Il pathos sentimentale si comprime in quadretti di composta perfezione come Anacreonte, sei vecchio, sviluppando una delicatezza di accenti che non disdegna di addentrarsi in quella temperie «pittorica e colorata» (Baldacci) che si enuclea in un segno rarefatto alla Semeghini, rinnegando le derive nevrasteniche, zigzaganti di un De Pisis rannuvolato dalle frustate di cobalto montaliane. Debenedetti richiama le «nubi di un bianco ala d’angelo» che figura nelle pale del conterraneo Cima da Conegliano.

Un discorso a parte merita il rapporto con Venezia che ha bisogno di puntellarsi su una tavolozza cromatica le cui combinazioni risultano elusive, esclusive: gli approdi estremi costituiscono il tentativo di ridurre ulteriormente la poetica degli elementi naturali, costringendo l’ampio spettro dei colori entro il pedale di un’insistita variazione su tonalità soffuse, delicate, di acquarello, con preferenza accordata all’azzurro mallarmeano. Se in Verità di uno le variazioni coloristiche traspaiono in filigrana nella sezione dedicata agli amici artisti, quasi come un’involontaria conseguenza del loro differente misurarsi con gli sfondi cangianti della città lagunare (si pensi a «Soli» di Saetti o «Burano» di Semeghini, oltre a Tancredi di cui si adombrano le tragiche vicissitudini), in Calle del Vento la città non solo non viene mai nominata ma, a eccezione di un paio di componimenti, non risulta nemmeno presente.
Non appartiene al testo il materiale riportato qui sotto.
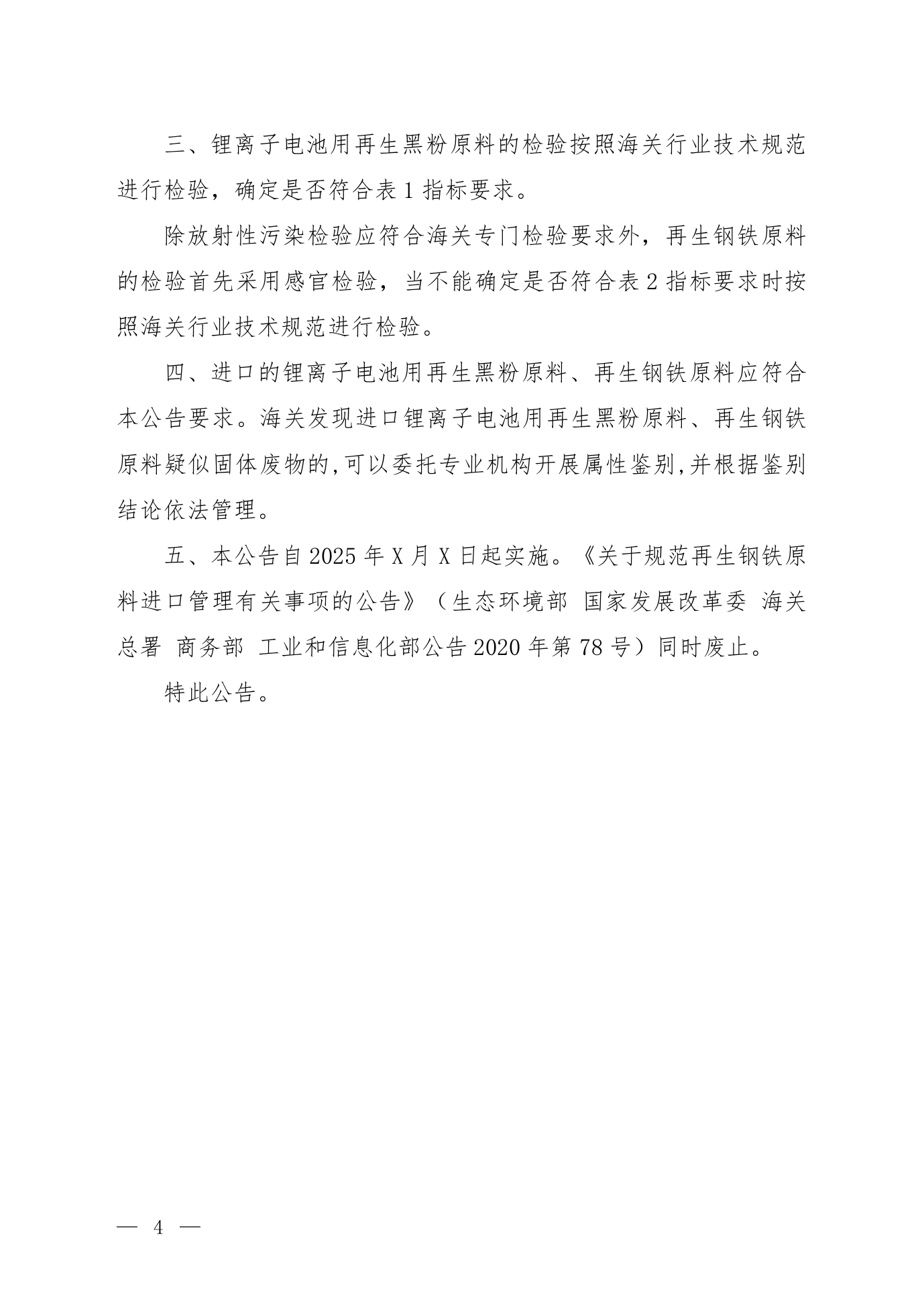 1.關(guān)于規(guī)范鋰離子電池用再生黑粉原料、再生鋼鐵原料進(jìn)口管理有關(guān)事項(xiàng)的公告(征求意見稿)

Eppure essa è percepibile dietro le insistenti metafore di luce e ombra, nel rastremarsi di un campo semantico ridotto a pochi vocaboli sostanziali che si ripercuotono in maniera ossessiva.

Si sente che Venezia è sempre lì, sospesa nel labirintico affiorare delle immagini ricorrenti, tanto più presente quanto più paradossalmente accantonata.

Valeri non ha più bisogno di descriverla, di nominarla, in quanto riesce miracolosamente a restituirci la sua aura con lo schizzo di un interno attraversato da una lama di luce, di qualche passero saltellante sotto ai suoi balconi con l’irriverenza di un essere minuscolo che si accontenta di un’esistenza anonima, delimitata dal frullo abbozzato di un volo entro i chiaroscuri di una calle martoriata dal vento.